### Supplied data
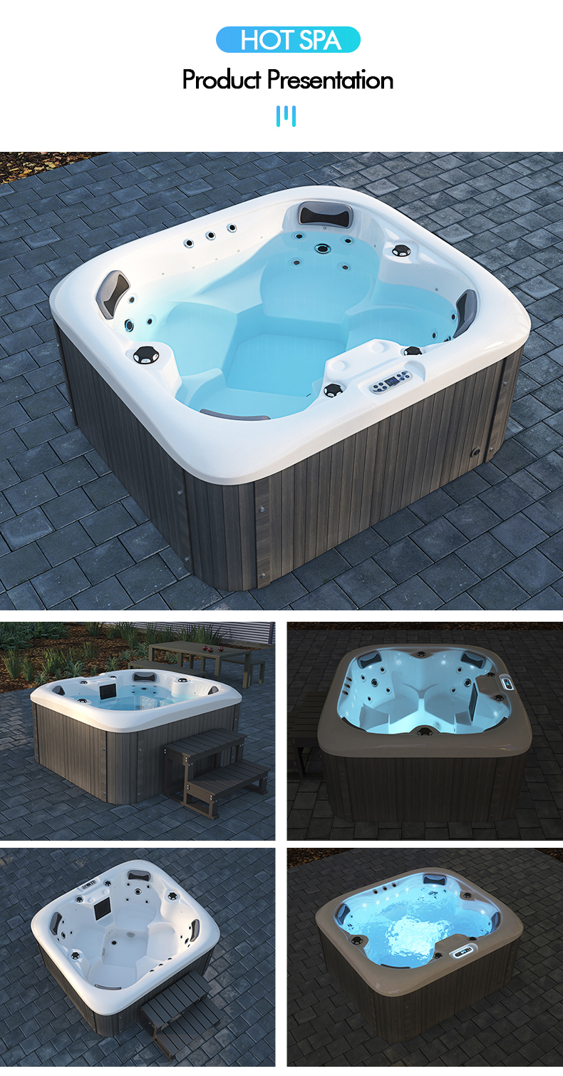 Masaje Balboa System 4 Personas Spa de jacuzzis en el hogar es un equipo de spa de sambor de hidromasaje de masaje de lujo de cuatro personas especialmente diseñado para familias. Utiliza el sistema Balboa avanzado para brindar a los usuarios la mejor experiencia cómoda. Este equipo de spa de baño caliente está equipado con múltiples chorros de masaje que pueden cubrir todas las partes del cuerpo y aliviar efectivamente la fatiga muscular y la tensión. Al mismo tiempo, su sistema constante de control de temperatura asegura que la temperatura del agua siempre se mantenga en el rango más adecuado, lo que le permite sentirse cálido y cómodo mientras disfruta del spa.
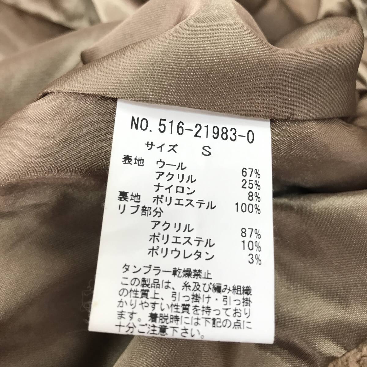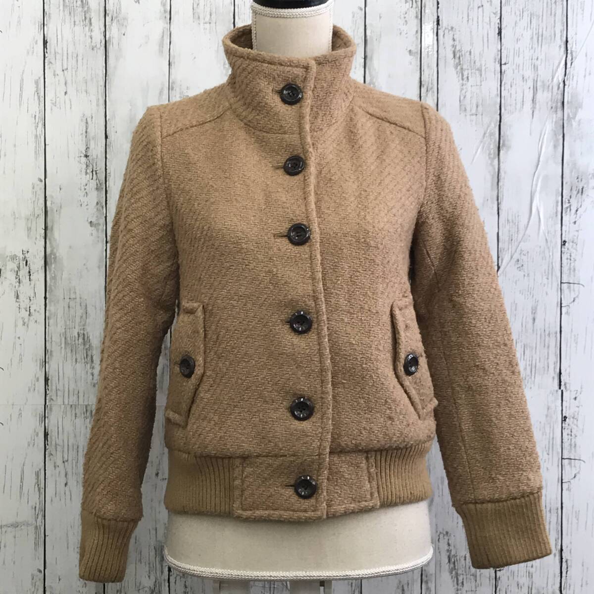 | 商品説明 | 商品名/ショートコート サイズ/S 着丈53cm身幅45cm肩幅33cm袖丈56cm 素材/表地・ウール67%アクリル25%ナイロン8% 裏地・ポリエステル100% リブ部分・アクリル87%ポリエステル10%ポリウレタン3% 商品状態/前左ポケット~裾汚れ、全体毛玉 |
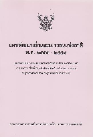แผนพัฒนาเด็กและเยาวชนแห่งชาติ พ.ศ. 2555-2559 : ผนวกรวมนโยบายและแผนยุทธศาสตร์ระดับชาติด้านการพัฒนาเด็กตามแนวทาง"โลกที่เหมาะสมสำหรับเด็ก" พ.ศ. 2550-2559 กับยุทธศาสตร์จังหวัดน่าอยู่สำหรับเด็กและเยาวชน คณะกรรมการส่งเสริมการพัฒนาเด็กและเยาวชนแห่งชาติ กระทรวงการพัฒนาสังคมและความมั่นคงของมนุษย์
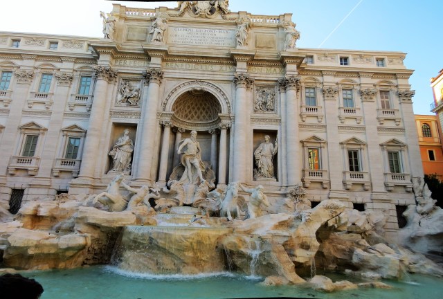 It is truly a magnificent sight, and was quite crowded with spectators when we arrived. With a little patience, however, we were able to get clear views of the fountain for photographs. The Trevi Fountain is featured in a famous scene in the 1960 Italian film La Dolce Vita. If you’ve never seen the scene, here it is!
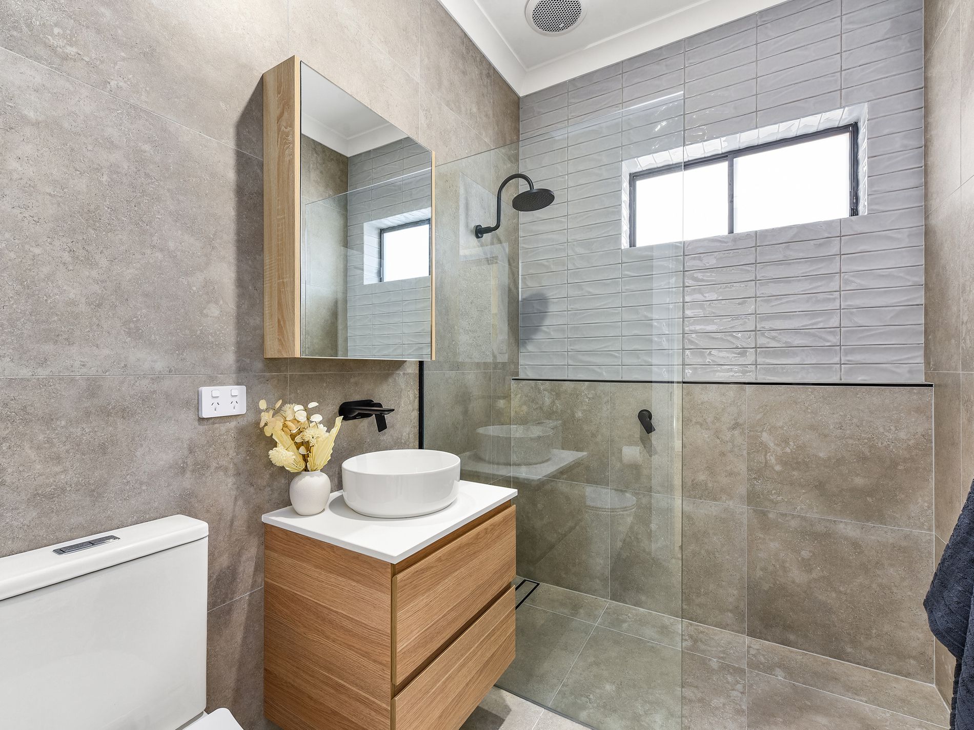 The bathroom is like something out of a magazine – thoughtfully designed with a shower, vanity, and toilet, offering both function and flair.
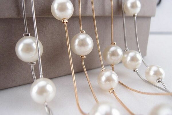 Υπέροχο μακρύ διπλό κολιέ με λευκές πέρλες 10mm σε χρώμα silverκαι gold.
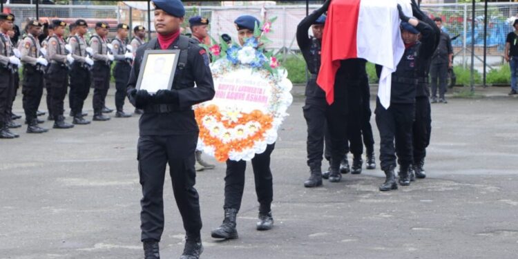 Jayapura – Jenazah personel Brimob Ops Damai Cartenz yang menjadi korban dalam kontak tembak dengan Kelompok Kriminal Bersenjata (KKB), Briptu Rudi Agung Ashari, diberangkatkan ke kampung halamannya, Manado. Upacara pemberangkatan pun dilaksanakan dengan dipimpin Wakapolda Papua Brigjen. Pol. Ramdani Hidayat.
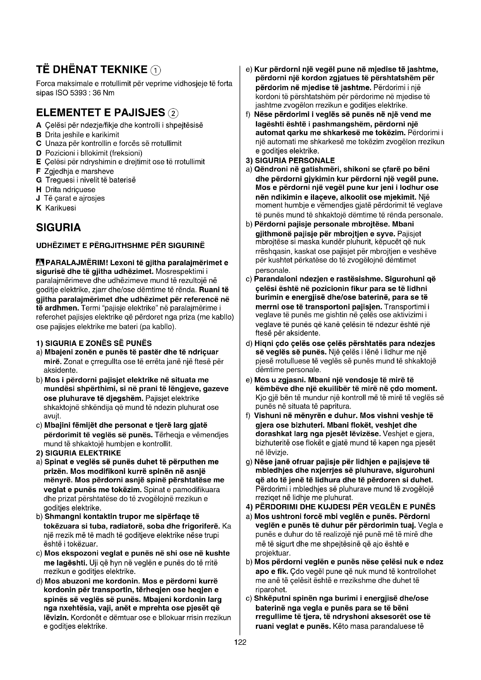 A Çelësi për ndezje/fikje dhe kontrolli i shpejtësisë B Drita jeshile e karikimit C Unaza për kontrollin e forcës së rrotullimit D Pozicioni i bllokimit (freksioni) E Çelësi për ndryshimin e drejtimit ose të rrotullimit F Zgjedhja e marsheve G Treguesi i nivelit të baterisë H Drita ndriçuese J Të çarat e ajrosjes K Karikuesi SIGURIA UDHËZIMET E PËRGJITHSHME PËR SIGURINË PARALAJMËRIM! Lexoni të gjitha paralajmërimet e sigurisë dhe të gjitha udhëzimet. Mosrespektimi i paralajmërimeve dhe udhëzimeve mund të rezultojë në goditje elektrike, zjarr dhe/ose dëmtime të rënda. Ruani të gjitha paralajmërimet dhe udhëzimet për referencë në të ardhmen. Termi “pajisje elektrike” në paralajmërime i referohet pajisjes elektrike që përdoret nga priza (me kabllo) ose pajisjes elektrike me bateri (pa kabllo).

* * *

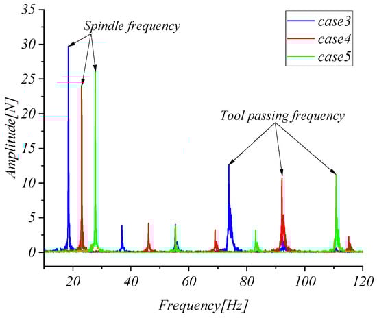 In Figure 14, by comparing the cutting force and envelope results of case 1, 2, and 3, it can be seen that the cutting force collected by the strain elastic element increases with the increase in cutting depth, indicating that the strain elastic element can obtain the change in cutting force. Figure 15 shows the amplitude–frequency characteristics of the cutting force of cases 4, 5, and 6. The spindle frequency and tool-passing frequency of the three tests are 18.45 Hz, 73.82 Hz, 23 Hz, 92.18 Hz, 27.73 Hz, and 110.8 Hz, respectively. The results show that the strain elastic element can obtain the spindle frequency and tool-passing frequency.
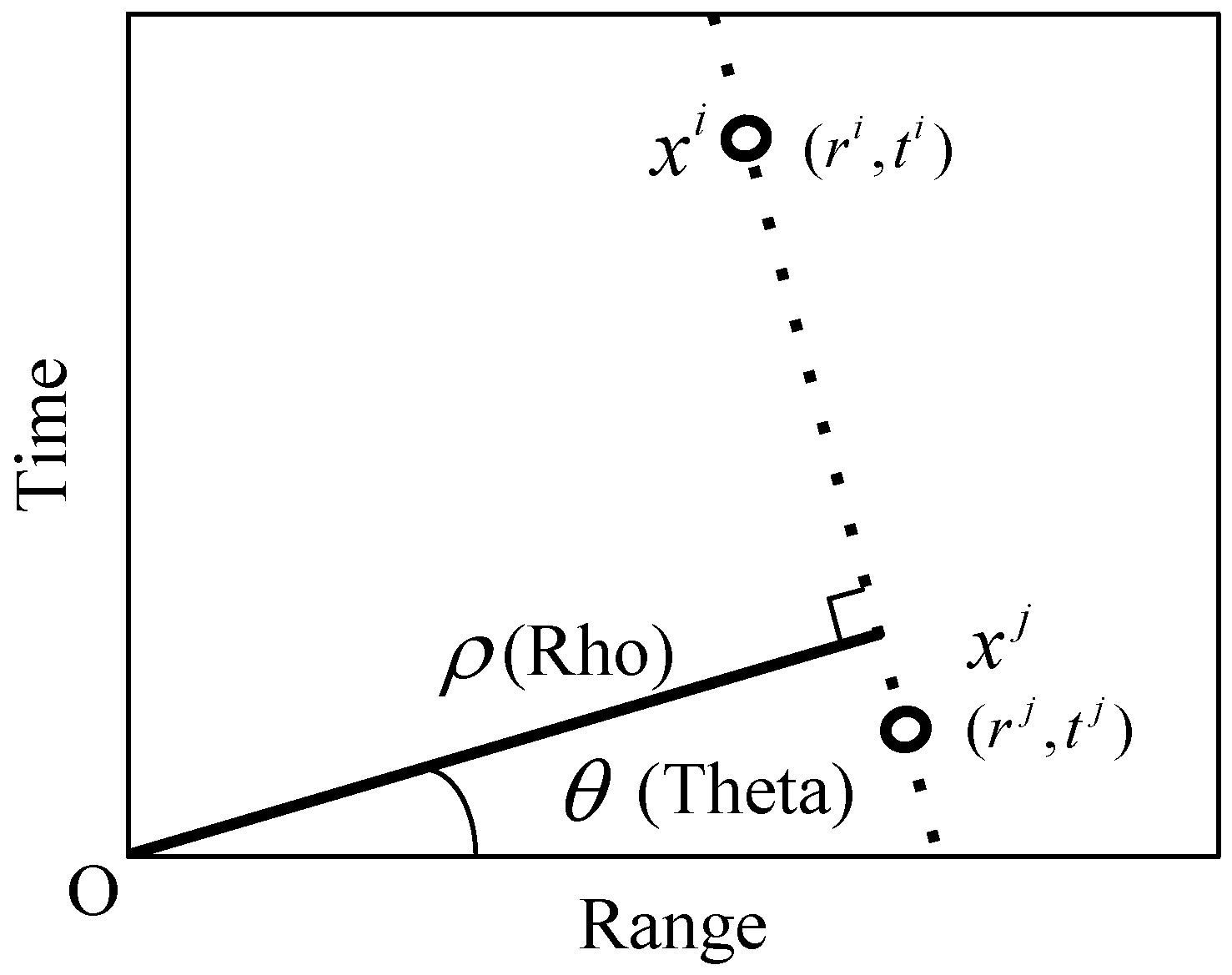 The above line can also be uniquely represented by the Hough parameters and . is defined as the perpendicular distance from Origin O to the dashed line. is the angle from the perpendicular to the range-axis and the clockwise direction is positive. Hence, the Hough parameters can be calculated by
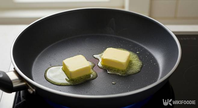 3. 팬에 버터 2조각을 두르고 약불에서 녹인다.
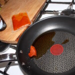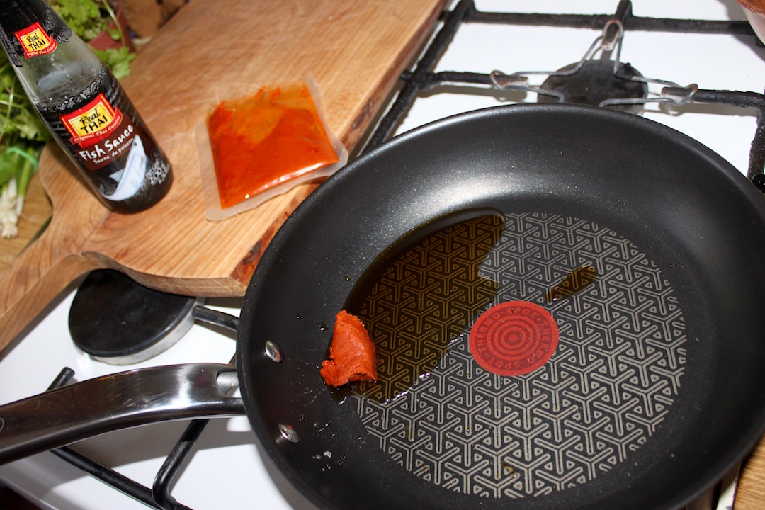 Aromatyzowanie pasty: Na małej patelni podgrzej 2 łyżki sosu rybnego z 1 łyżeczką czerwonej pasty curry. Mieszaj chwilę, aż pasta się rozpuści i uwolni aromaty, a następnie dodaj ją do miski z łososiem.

---

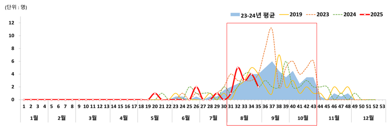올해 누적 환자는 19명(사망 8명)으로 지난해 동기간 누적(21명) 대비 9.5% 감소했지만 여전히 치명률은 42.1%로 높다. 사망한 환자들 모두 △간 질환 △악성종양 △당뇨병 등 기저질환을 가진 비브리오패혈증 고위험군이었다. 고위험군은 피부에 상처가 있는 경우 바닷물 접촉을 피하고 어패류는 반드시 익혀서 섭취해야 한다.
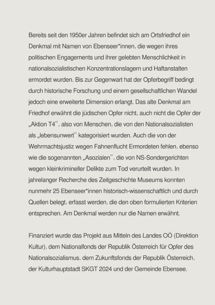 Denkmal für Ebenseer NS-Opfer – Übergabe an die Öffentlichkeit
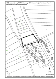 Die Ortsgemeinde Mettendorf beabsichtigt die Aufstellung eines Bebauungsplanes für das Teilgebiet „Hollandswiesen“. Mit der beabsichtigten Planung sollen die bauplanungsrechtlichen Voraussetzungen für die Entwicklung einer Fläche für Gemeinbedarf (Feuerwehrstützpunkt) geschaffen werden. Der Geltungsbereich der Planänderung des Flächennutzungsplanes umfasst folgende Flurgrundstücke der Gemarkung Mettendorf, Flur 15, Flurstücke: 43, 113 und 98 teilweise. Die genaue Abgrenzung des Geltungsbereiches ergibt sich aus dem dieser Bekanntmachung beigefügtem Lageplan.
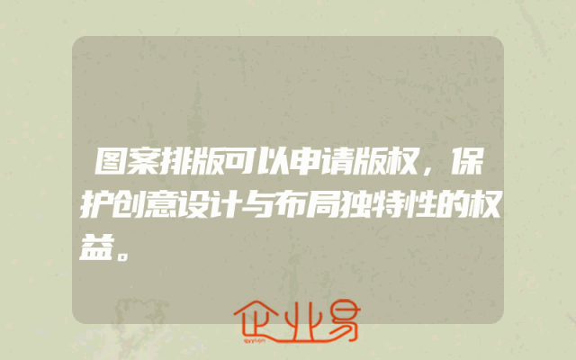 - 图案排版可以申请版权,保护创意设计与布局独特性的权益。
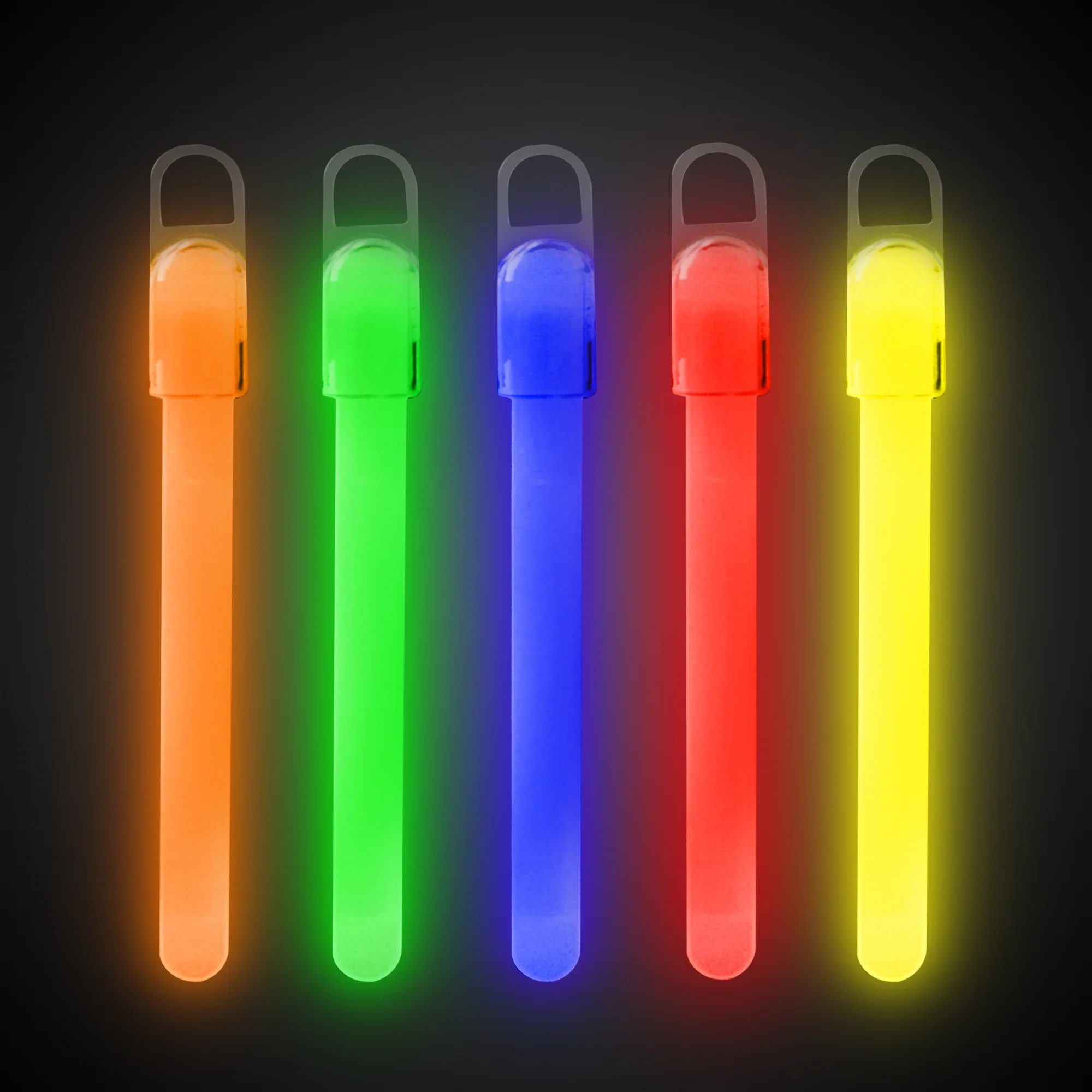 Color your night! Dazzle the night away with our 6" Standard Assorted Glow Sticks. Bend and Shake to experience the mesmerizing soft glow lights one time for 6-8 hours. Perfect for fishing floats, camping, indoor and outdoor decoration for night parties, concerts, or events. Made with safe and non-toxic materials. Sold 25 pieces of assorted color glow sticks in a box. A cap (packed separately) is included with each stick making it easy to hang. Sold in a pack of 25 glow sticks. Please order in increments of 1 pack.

### What the task requires
Would you restate, exactly and with no pictures, the lines of the entries above from the one containing "Jayapura – Jenazah" through the one containing "A Çelësi për"?

### Answer to the exercise
 Jayapura – Jenazah personel Brimob Ops Damai Cartenz yang menjadi korban dalam kontak tembak dengan Kelompok Kriminal Bersenjata (KKB), Briptu Rudi Agung Ashari, diberangkatkan ke kampung halamannya, Manado. Upacara pemberangkatan pun dilaksanakan dengan dipimpin Wakapolda Papua Brigjen. Pol. Ramdani Hidayat.
 A Çelësi për ndezje/fikje dhe kontrolli i shpejtësisë B Drita jeshile e karikimit C Unaza për kontrollin e forcës së rrotullimit D Pozicioni i bllokimit (freksioni) E Çelësi për ndryshimin e drejtimit ose të rrotullimit F Zgjedhja e marsheve G Treguesi i nivelit të baterisë H Drita ndriçuese J Të çarat e ajrosjes K Karikuesi SIGURIA UDHËZIMET E PËRGJITHSHME PËR SIGURINË PARALAJMËRIM! Lexoni të gjitha paralajmërimet e sigurisë dhe të gjitha udhëzimet. Mosrespektimi i paralajmërimeve dhe udhëzimeve mund të rezultojë në goditje elektrike, zjarr dhe/ose dëmtime të rënda. Ruani të gjitha paralajmërimet dhe udhëzimet për referencë në të ardhmen. Termi “pajisje elektrike” në paralajmërime i referohet pajisjes elektrike që përdoret nga priza (me kabllo) ose pajisjes elektrike me bateri (pa kabllo).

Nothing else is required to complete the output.